Among those pulling back, agents say, are first-home buyers.
It was no better earlier in the year, as tighter finance, labour shortages, supply chain headaches and already rising interest rates combined to peg first-home buyer purchases in the March quarter to their lowest percentage of overall sales since 2014, according to CoreLogic NZ data.
But not all were out.
As our littlest folk hunted hidden Easter goodies a few weeks later, Aucklander Kayla and her husband had their hands on a reward more enduring.
After more than 18 months of weekends lost to open homes and stress levels spiked by out-of-reach auctions and failed offers, they were considering moving to Christchurch or Australia, Kayla says.
But on the eve of the Easter long weekend, they made a pre-auction offer on a 120sq m, two-storey home with four bedrooms, two bathrooms and a basement in the beach suburb of Manly.
With a final bid of $1.05m at the accelerated auction, a patch of prized North Auckland land big enough for a trampoline, a deck and a spa pool, and the 1970s-era house that sat on it, was theirs.
Nine months on, home ownership still feels pretty good, Kayla says.
“My husband is so happy. He got to a point where he just didn’t think it was gonna happen for us.
“When we started … we were looking at houses for $750,000. By the time we bought, we were up to a million dollars.”
When the home is yours, life feels different, and that goes beyond the gate, Kayla says.
Trips to the beach with the kids, aged 3, 6 and 10, always include time picking up rubbish.
“This is our home.

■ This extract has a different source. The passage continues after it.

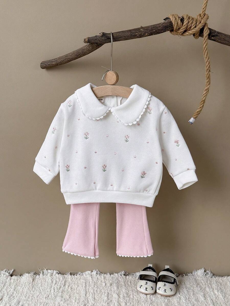 2pcs/Set Baby Girls Floral Embroidered Peter Pan Collar Long Sleeve Sweatshirt & Frilly Long Pants, Spring/Autumn

I feel more part of the community.”
Even starting the long journey to owning their home outright brought joy, and relief as they realised the decision to lock in three years of interest rates at 4.99 per cent had been wise.
“I was excited about paying the mortgage, which sounds stupid when it’s over $2000 a fortnight, but it was that sense of accomplishment.”
The household income servicing their more than $800,000 mortgage has also, helpfully, risen from $180,000 to $260,000 last year.
The over-used adjective “blessed” is both corny and appropriate, Kayla says.
“I don’t like saying it, but to a certain point I do feel like it all was meant to happen, and all the turmoil and suffering and everything else we went through – the utter despair – is all gone, and it was all worth it.”